В известном Malleus maleficarum (Молоте ведьм) говорится, что каждая "ведьма" получает от сатаны особого чёрта, обязанного исполнять роль её любовника. Если в этом заявлении видеть указание на реальный факт, то оно, конечно, ложь и глупость. Если же в нём усматривать несколько слишком обобщенное описание душевного состояния и эротических галлюцинаций женщин-истеричек этой эпохи, то оно приемлемо. Если не все, то многие такие женщины, несомненно, воображали в своем ненормально-повышенном эротическом бреду, что имеют дело с демонами.

К дьяволу обращали свои взоры всё чаще и ученые этой эпохи.

Их положение скоро также оказалось трагическим. Перед ними стал ряд вопросов, которых разрешить они не были в состоянии. Развивавшаяся торговля и промышленность, необходимость завоевания земного шара, необходимость подчинения себе природы вызвали спрос на естественные науки: на физику, химию, астрономию и т. д. Предшествующие поколения, никогда не занимавшиеся подобными вопросами, не оставили ученым в наследство надежных приемов и разработанных методов. И задача оказалась им не по силам.
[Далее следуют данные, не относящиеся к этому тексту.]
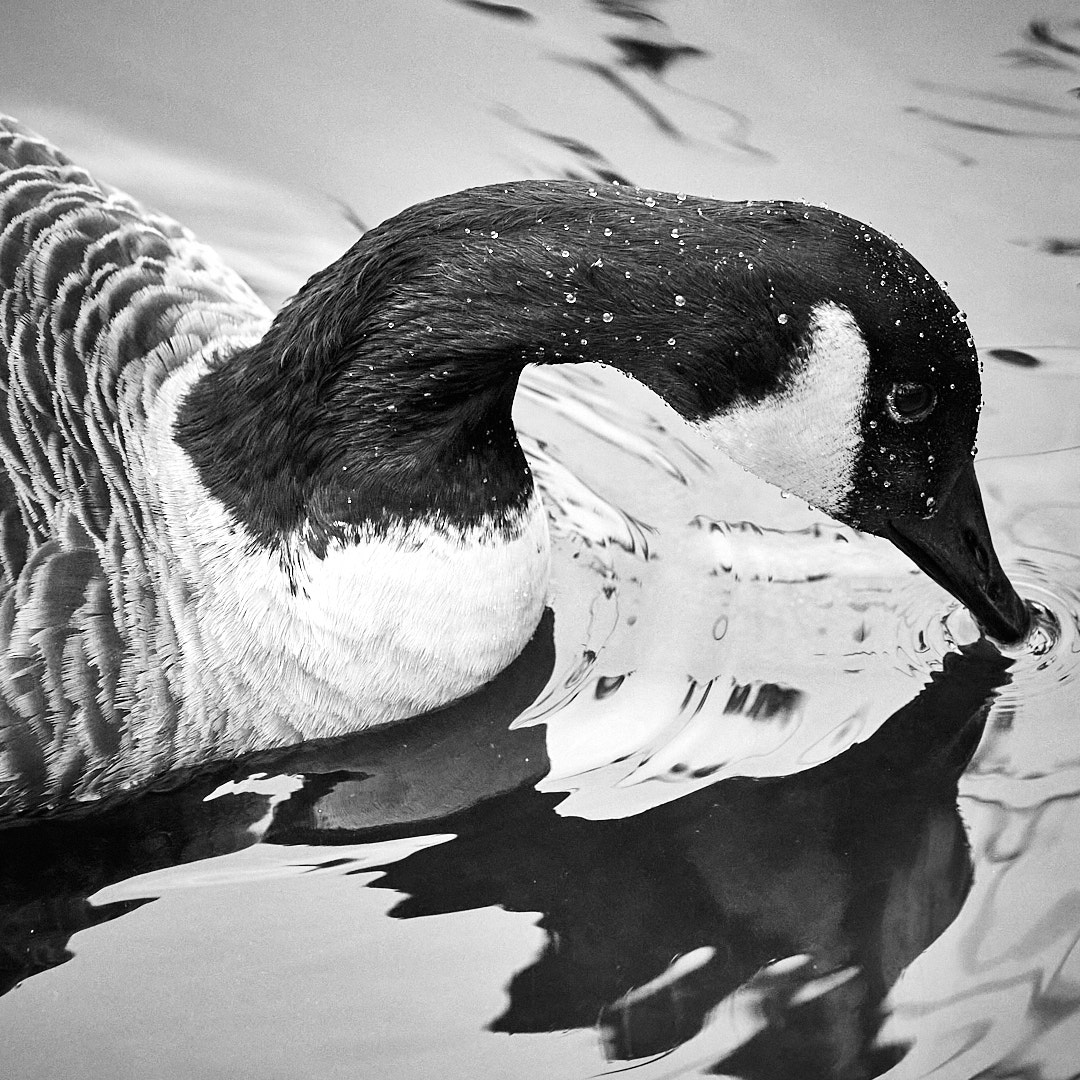 I don't often convert to black-and-white, but the goose's plumage is good for it, and strangely enough, the water had a distracting color tone to it.

Ученые невольно обратили свои взоры к сверхъестественным силам, сначала к небу, к добрым духам -- так возникла белая магия, -- а потом стали всё чаще апеллировать к аду, к темным силам, к черной магии, заклинавшей дьявола, искавшей помощи у князя тьмы.
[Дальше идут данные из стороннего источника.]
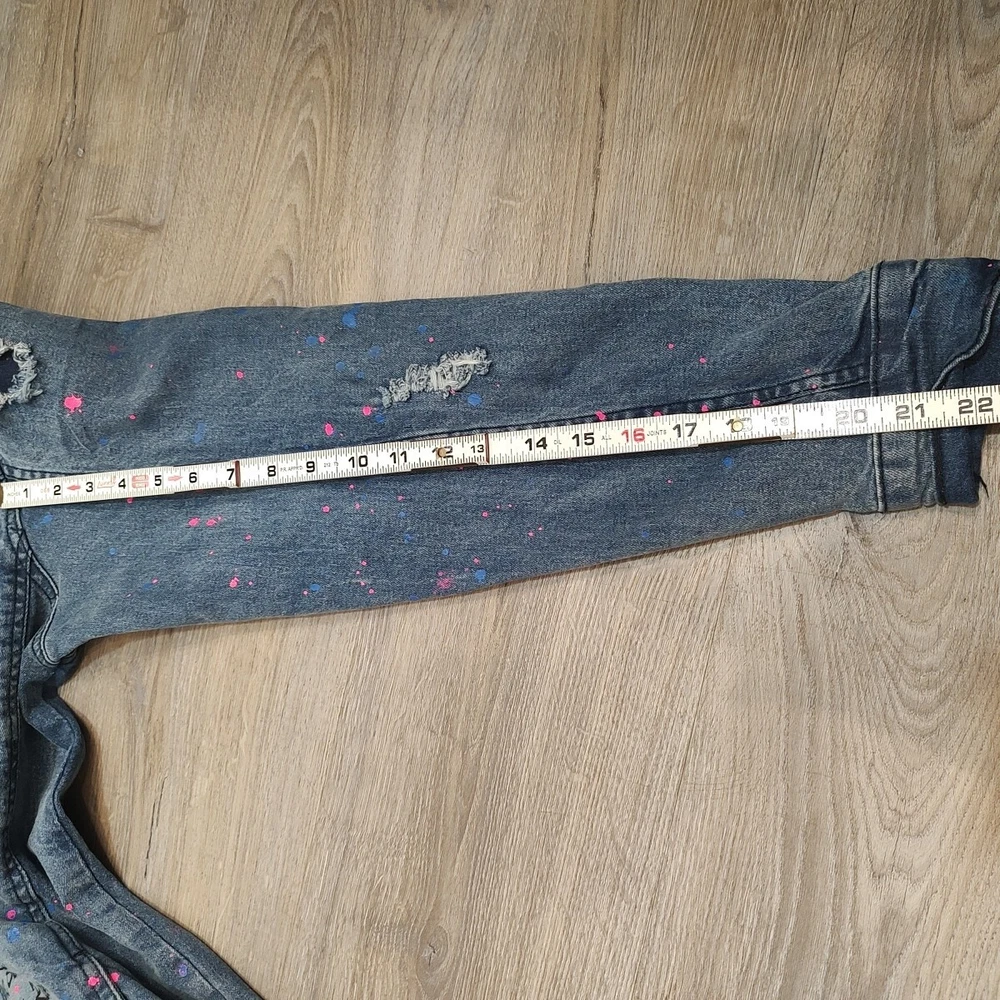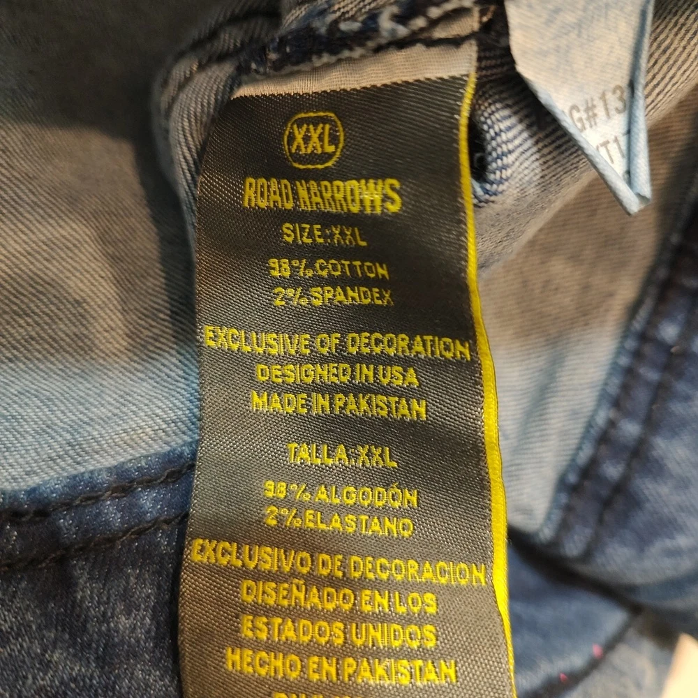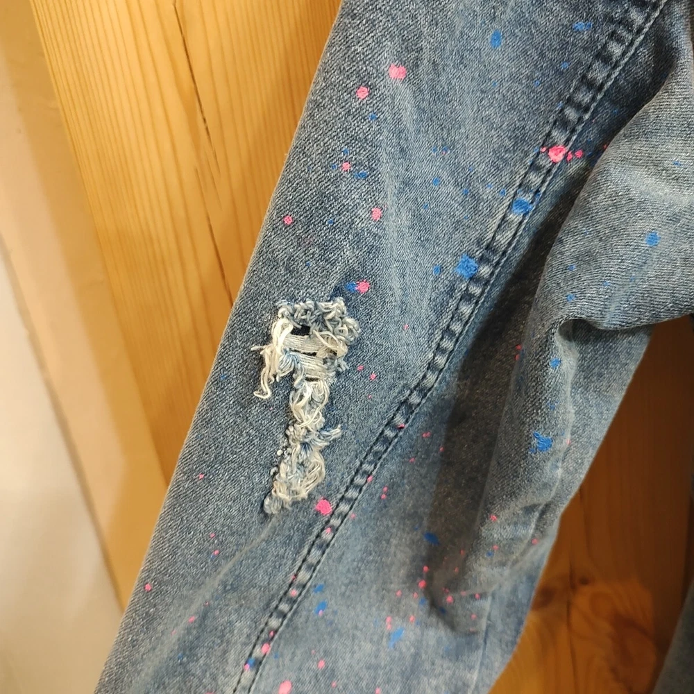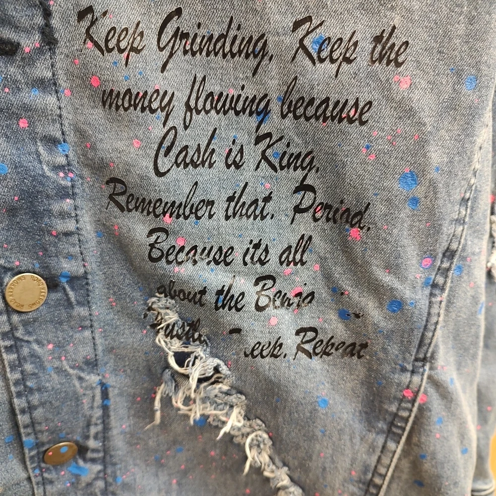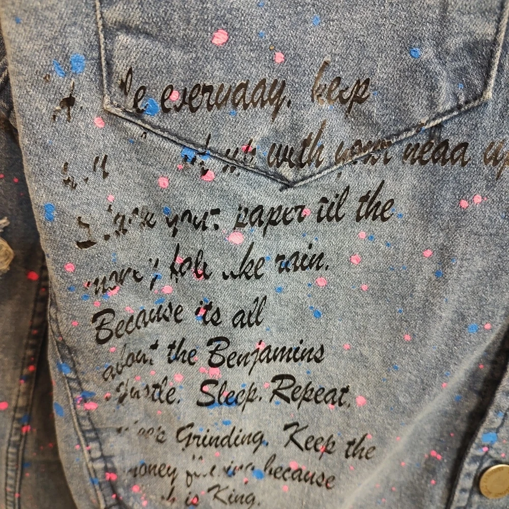 Elevate your style with this stunning denim jacket from Road Narrows Inc. based out of New York City.The jacket features a unique patchwork design with distressed fringe, patches and rhinestone accents, making it a perfect choice for any occasion - from casual to workwear and even parties. The button closure and oversized fit add to the relaxed vibe, while the stretch fabric ensures comfort all year round. This jacket comes in a beautiful acid washed blue color with a paint splatter pattern and is perfect for women who love designer, Christmas, colorful, boutique, college, 80s, city, and 90s themes. The jacket has inner pockets, making it easy to carry your essentials. It is machine washable and can be worn in any season. Get your hands on this stunning jacket today! Shoulder 22" Bust 23" Length 30" Sleeve 22" Jacket is cotton and spandex and is a rare find only sold in boutiques. It does have a lot of distressing and the words are partially gone due to wash and wear but add to the unique style.

Вера в безграничную власть сатаны охватывала всё более широкие слои общества и явилась той почвой, на которой не только среди невежественной массы, но и на верхах интеллигенции складывалось убеждение в реальное объективное существование колдунов и ведьм.

До нас дошло интересное свидетельство об историческом Фаусте, послужившем оригиналом для героя немецкой народной книги, а потом для героя Марло и Гете. В своих Loci communi (1556) некий Манлий пресерьезнейшим образом утверждает, что Фауст был чернокнижником, что однажды в Венеции он хотел подняться на небо, за что был жестоко избит чёртом, что он имел при себе пару собак, бывших просто замаскированными дьяволами, -- как и другой ученый (прибавляет Манлий), Агриппа фон Неттесхейм -- и что он умер, после того, как чёрт свернул ему шею.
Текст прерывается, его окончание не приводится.